January 2026 – The Necessity of Play in Dark Times
I’ve been recently thinking a lot about play. Last year I put out a broadcast to my professional email lists and collected a small group of psychotherapists interested in experimenting with role-playing games as applied to psychotherapy (and group process). This was engendered by a surge of creative and playful energy released by finishing a very not-playful PhD dissertation several years ago. It might seem from the outside like this would be a diversion or distraction from the serious endeavor of the healer, but what I found confirmed what I learned as a young activist in the 1990s and from my work treating depression: play is one of the most serious things we can do.
The following article attempts to articulate that. It’s a big subject, so this is not a treatise or manifesto, but rather an attempt to reflect and comment on the psychological realities of living in authoritarian regimes, one’s own depression being one of them. May it be useful as inspiration and validation to figure out how to weave play both into one’s external and internal revolutions, to fighting with serious play and playful seriousness, for what is the through-line of goodness that defines this collective human life.

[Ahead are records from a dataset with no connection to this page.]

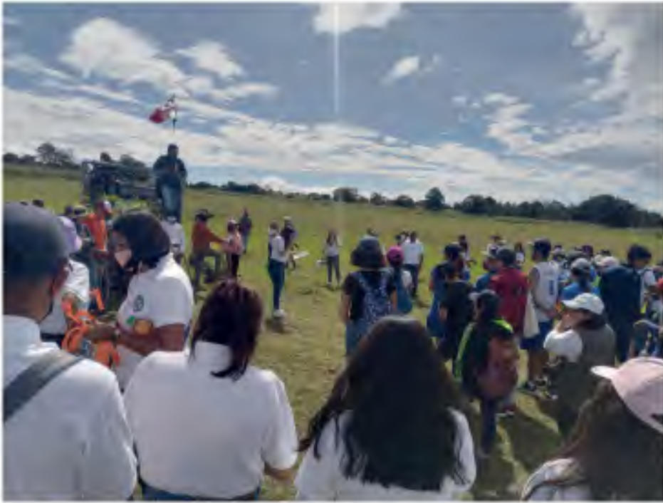
2.6 Reforestación 2022 SanMiguelEspejo #Ecorevolucionario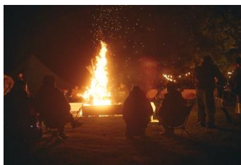
CAMPFIRE キャンプの醍醐味 心地よい軽井沢の秋の夜を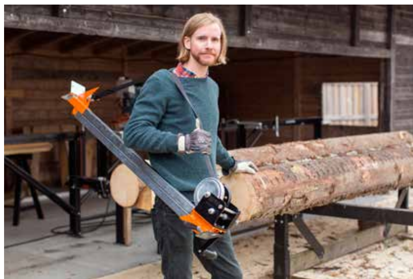
• Der neue Holzknecht (Stammheber und Fällrichter) kann auch auf dem Rücken getragen werden.

ren, profilieren und hobeln. „Mit diesem neuen Zubehör braucht man sich keine Sorgen mehr zu machen. Diese Maschine ist die perfekte Ergänzung für jeden Sägewerker und Holzhandwerker“, so Bengt-Olov Byström.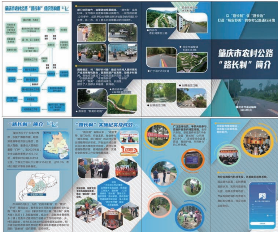
图 8 宣传手册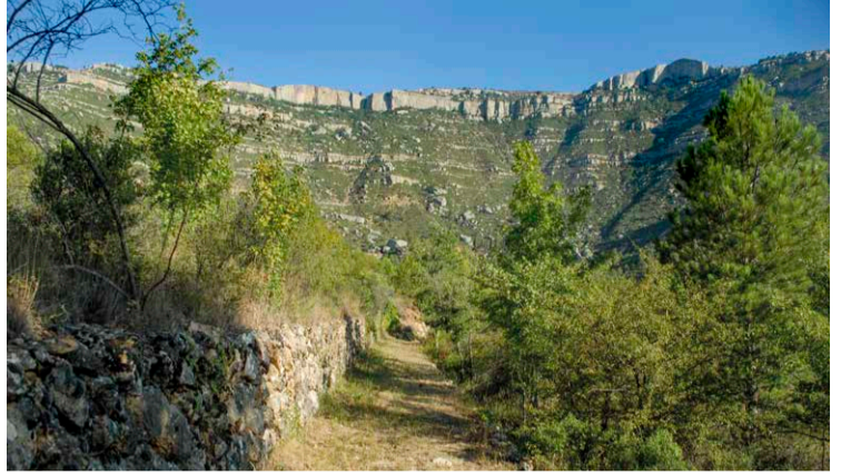
Tram del camí entre marges de pedra seca.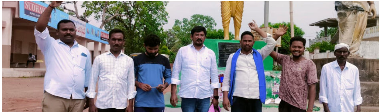
రేపటి డీబీఎఫ్ రాష్ట్ర మహాసభలను విజయవంతం చేయండి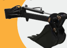
BRAZO DE EXCAVADORA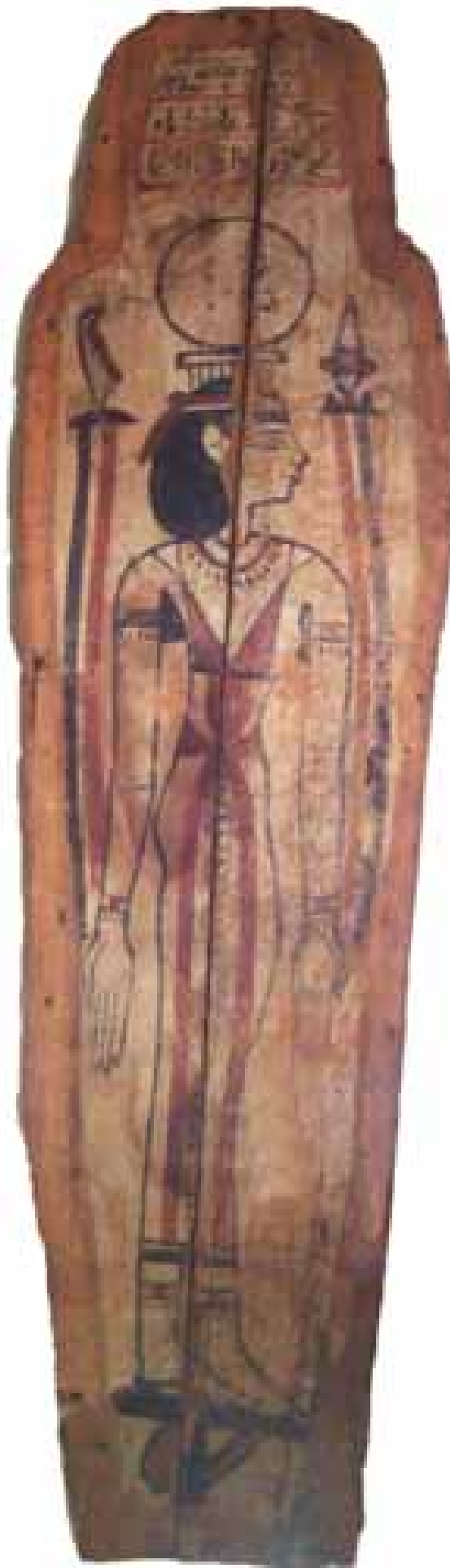
Fond du sarcophage de la dame Ka... (?) avec une représentation de Nout, déesse de la nuit, Egypte Coll. MAAP, Ville de Périgueux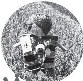
2 234票 きたろうと めだまおやしにかかし (きく・つばき)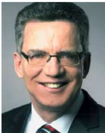
Dr. Thomas de Maizière, MdB

Jedes Jahr gedenken wir mit dieser Veranstaltung der Vertreibungsoffer, die im und nach dem Zweiten Weltkrieg ihre Heimat verloren haben. Wir gedenken auch der Menschen, die wegen des Kalten Krieges erst viel später in den Westen gereist sind, und derjenigen, die in ihrer Heimat geblieben sind. Ferner denken wir an alle Menschen, die bis zum heutigen Tag ihre Heimat unter Zwang verlassen mussten und müssen.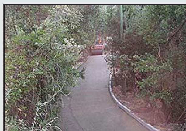
6 - Compattatura della superficie con rullo compressore.

azichem PRODOTTI SPECIALI PER L'EDILIZIA E LA BIOEDILIZIA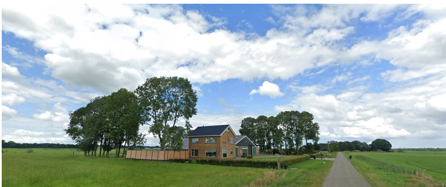
Aanzicht komend vanaf Plopsland

1e jaar onkruid bestrijding ,vrijhouden beplanting dmv maaien of schoffelen. na 1 jaar inboeten in het 3e/4e jaar na aanplant 1e gefaseerde dunning , zgn wijkers en blijvers , het eindresultaat is een dichte singel met enkele uitgegroeide bomen met daaronder een gevarieerde onderbeplanting die gefaseerd word afgezet ( eens in de 6 jaar)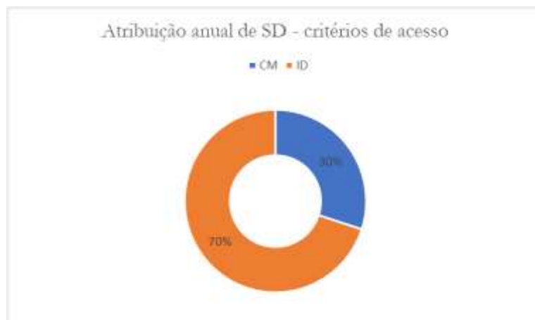
Figura 1: Alocações básicas e de desempenho de SDM

O Projecto irá apoiar 4 ciclos das SDM's. Os fundos disponíveis para as SDM's são pré-determinados por ano conforme indicado na tabela abaixo.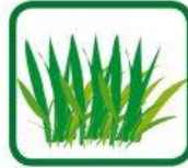
tontes de gazon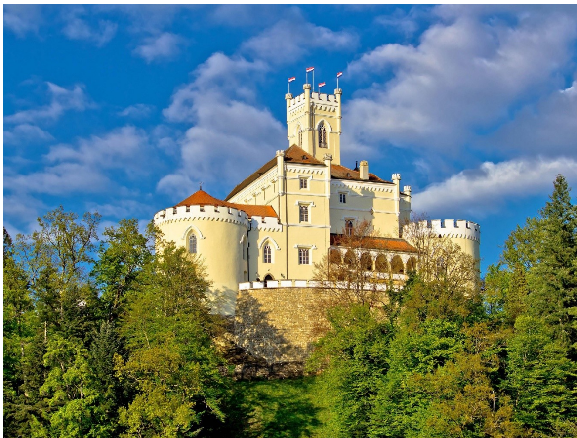
Slika 12. Dvorac Trakošćan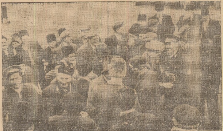
Aspect de la inaugurarea gospodăriei colective „Galtiana”.

litică pe o treaptă și mai înaltă, astfel ca întreaga perioadă ce ne desparte de data alegerilor să fie o perioadă cît mai activă pe linia înfruntării sarcinilor planului de stat pe 1961, pe linia pregătirii campaniei de primăvară și în general pe linia îmbunătățirii întregii activități economice și politice. În această perioadă crește în mod deosebit sarcinile agitației politice de masă și în mod special rolul agitatorilor în ridicarea activității politice de educare comunistă a oamenilor muncii și popularizarea mărețelor înfruntări ale poporului muncitor, sub conducerea partidului nostru. Cu ajutorul agitatorilor, organizațiile de partid duc zi de zi munca de lămurire a politicii partidului și guvernului, contribuie la ridicarea conștiinței socialiste a oamenilor muncii de la orașe și sate, mobilizîndu-i la îndeplinirea sarcinilor construcției economice și culturale ce se desfășoară în țara noastră.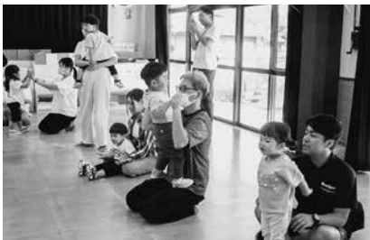
保護者と一緒に触れ合い遊び

保育参観では、クラスごとにおやつの様子を見ていただき、先生による絵本の読み聞かせや音楽に合わせて触れ合い遊びなどをして、親子で楽しい時間を過ごしました。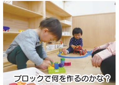
ブロックで何を作るのかな?

※利用は、月曜日から土曜日まで(第3水曜日、祝日、年末年始を除く) 午前10時～午後4時 詳しくは、お問い合わせください。 ○問合せ 子育てひろば こころの(乳幼児一時預かり担当) ☎550-3314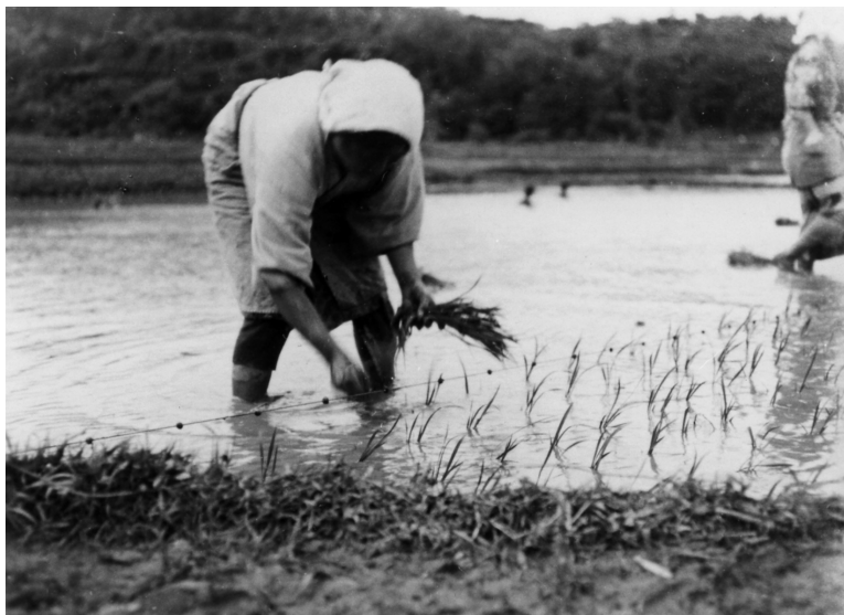
写真64 田植（於坂嶺田圃）昭11.4.26 [目録番号：ア-8-39]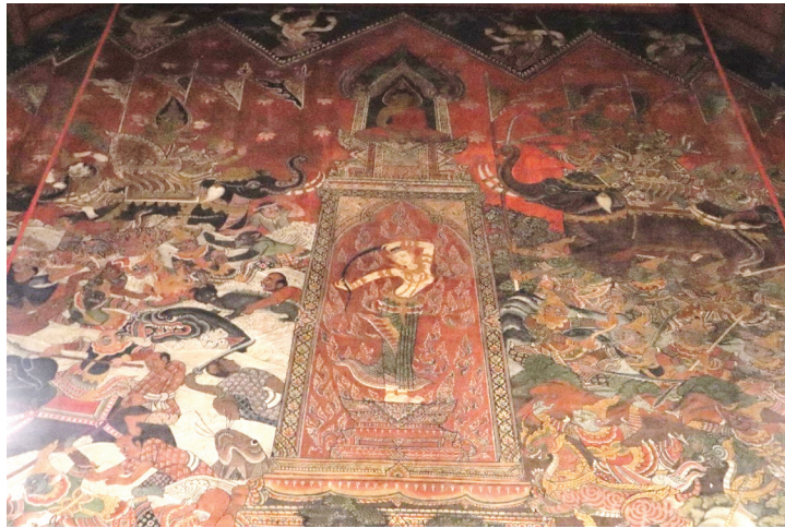
ภาพ 17 ภาพมารผจญ ผนังเบื้องหน้าพระประธาน ณ พระอุโบสถวัดสุวรรณาราม ที่มาภาพ: ผู้วิจัย ถ่ายเมื่อวันที่ 6 เมษายน 2564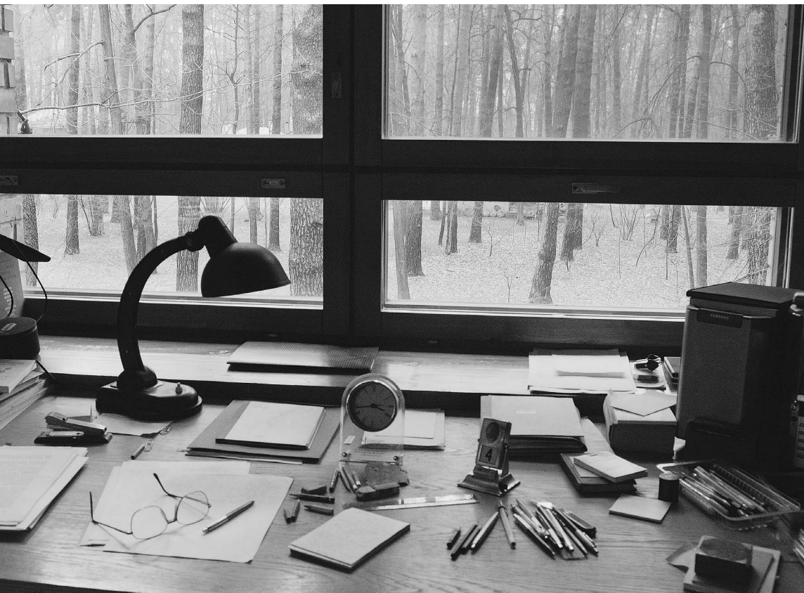
Рабочий стол Александра Солженицына. Троице-Лыково. Декабрь 2010 года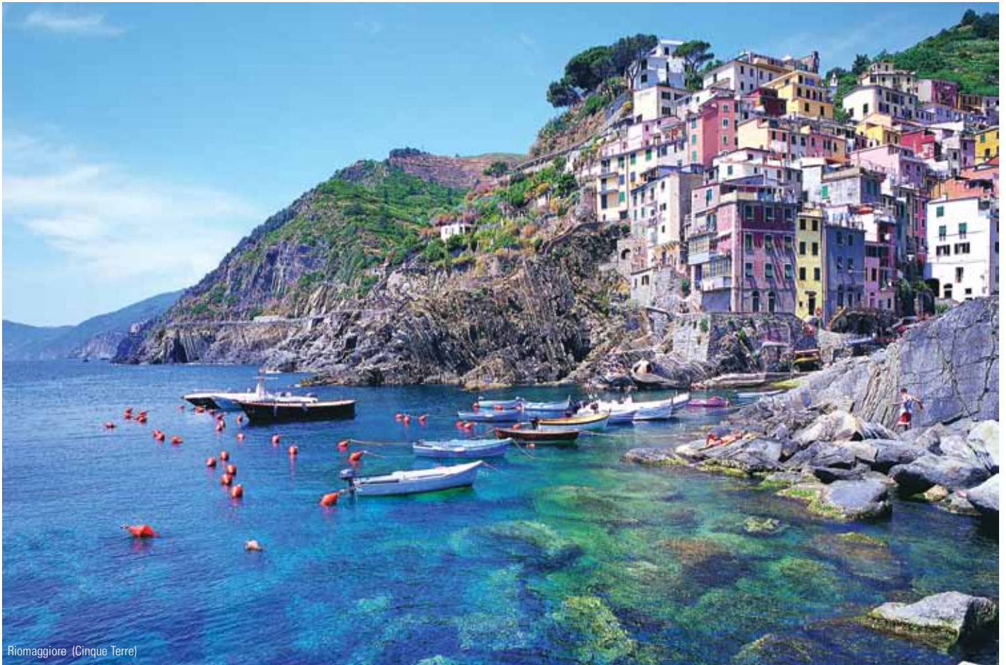
Riomaggiore (Cinque Terre)

3 nætter La Spezia (Cinque Terre) • 3 nætter Montecatini Terme • 1 nat Parma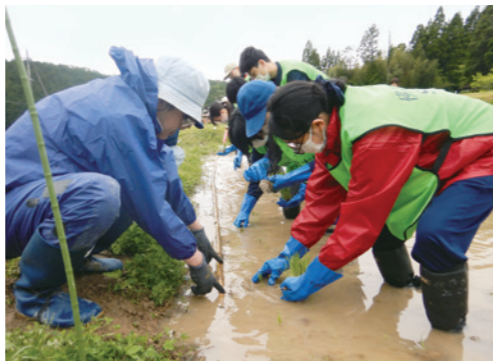
田植えを楽しんでいる様子@京都市北区氷室

私たちが健康も似たようなことが言えるのではないかと思います。確かに、体重、血圧、血糖値などの数値に注意を払う必要はあり、数値が基準を上回っていれば薬などでコントロールすべきです。ところが、たとえ血圧などが正常であっても病気になることはありますし、突発的な事故で身体に障害を負ったり、何らかの原因で認知機能が低下したりなど、いろいろなことが起こる可能性があります。将来の正確な予測は難しいとしても、なるべく事前に想定して対策を講じておくことと安心感につながります。例えば、ライフ・イン京都で推進されている「終末期医療に関する要望書」(「アドバンス・ケア・プランニング」)も将来の医療とケアについて前もって話し合う点では「適応」に近いといえます。他にも、まだ1年分の健康診断受診者の分析にとどまっていますが、土佐町で得られた農作業への姿勢と健康との関連を調べると、農作業が楽しい人のほうが楽しくない人より心身の状態が良好なことがわかりました。取り組んでいて楽しいことが簡単に見つかるわけではありませんが、年齢が高くなっても楽しめるアイテムを持っている人ほど日々健やかに過ごせる可能性が高まるだろうと思っています。このように、私たちは緩和にとどまらず、適応も含めて広い視点で物事に取り組みほうが有効だといえそうです。緩和と適応のバランスをとるというアイデアが一般的に普及し、健康にも普段から備える発想が広がってほしいです。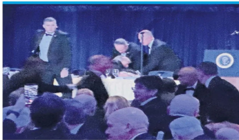
CAOS EN LA CENA DE CORRESPONSALES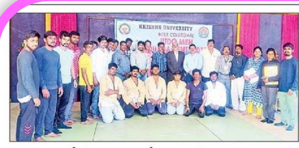
పోటీల్లో తలపడనున్న (కీడాకారులతో అధికారులు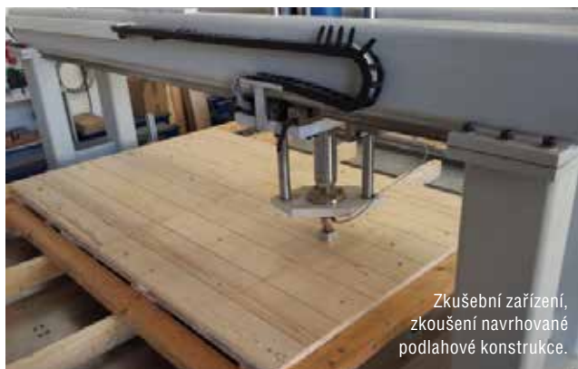
Zkušební zařízení, zkoušení navrhované podlahové konstrukce.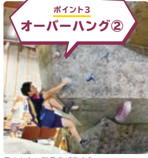
ポイント3 オーバーハング②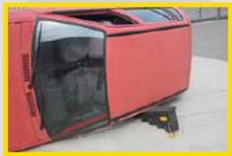
1. Plaats stophout onder de zijkant van de auto.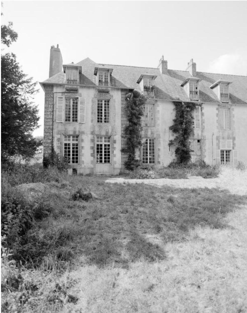
Elévation sud, aile ouest, pavillon ouest.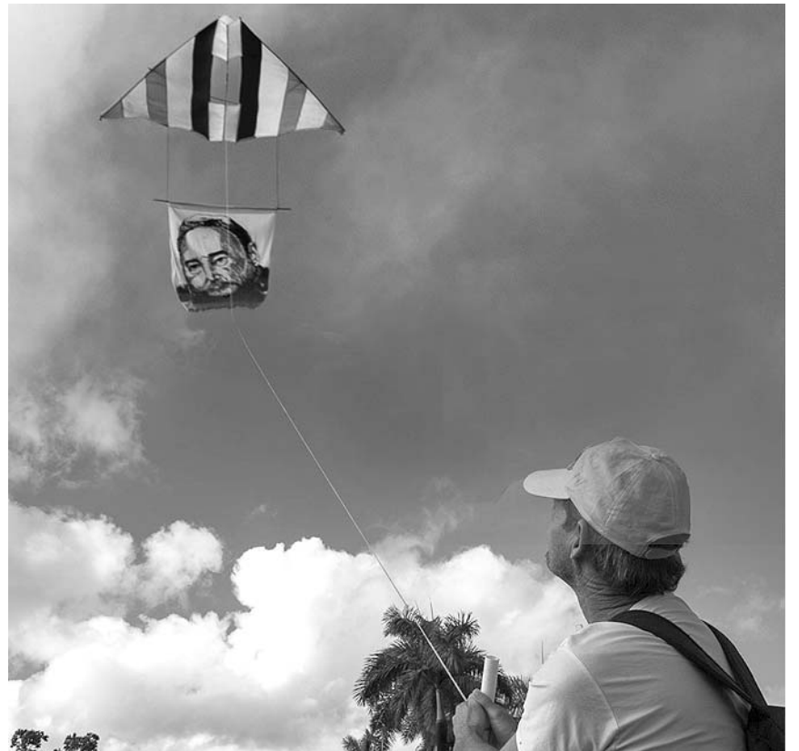
Universitarios recortaron del dolor para componer un mosaico, mientras Moisés no dejó a bolina, porque su papalote se empina con Fidel.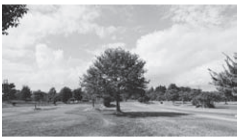
緑に囲まれた広大なコースでプレー

10月16日、飯坂出張所は相馬市「相馬光陽パークゴルフ場」で健康体力づくり教室を開催しました。28人が参加しました。爽やかな秋晴れに恵まれ、午前中に18ホール、昼食は、お食事処「たこ八」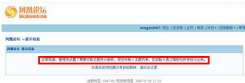
(图6、在凤凰论坛发布“讨伐中宣部”的帖子后显示“非常感谢，管理员设置了需要对新主题进行审核，现在将转入主题列表，您的帖子通过审核后将被显示出来。”)

在凤凰论坛发布“讨伐中宣部”的帖子时，出现的却是“非常感谢，管理员设置了需要对新主题进行审核，现在将转入主题列表，您的帖子通过审核后将被显示出来。”（见图6）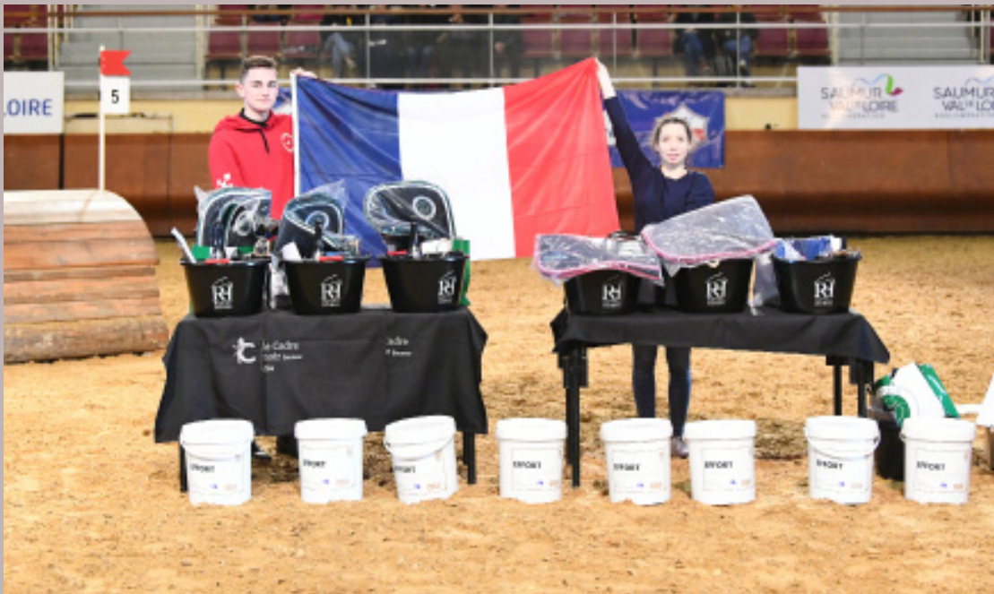
Remise des Prix 2020

The Necessity of Play in Dark Times
I grew furious at the impudent interference of the boy [who told Emma Goldman that it’s indecorous to dance]. I told him to mind his own business, I was tired of having the Cause constantly thrown into my face. I did not believe that a Cause which stood for a beautiful ideal, for anarchism, for release and freedom from conventions and prejudice, should demand the denial of life and joy. I insisted that our Cause could not expect me to become a nun and that the movement should not be turned into a cloister. If it meant that, I did not want it. “I want freedom, the right to self-expression, everybody’s right to beautiful, radiant things.” Anarchism meant that to me, and I would live it in spite of the whole world—prisons, persecution, everything. Yes, even in spite of the condemnation of my own closest comrades I would live my beautiful ideal. (Living My Life, Emma Goldman, 1933; this has typically been paraphrased as, “If I can’t dance, I don’t want to be part of your revolution!”)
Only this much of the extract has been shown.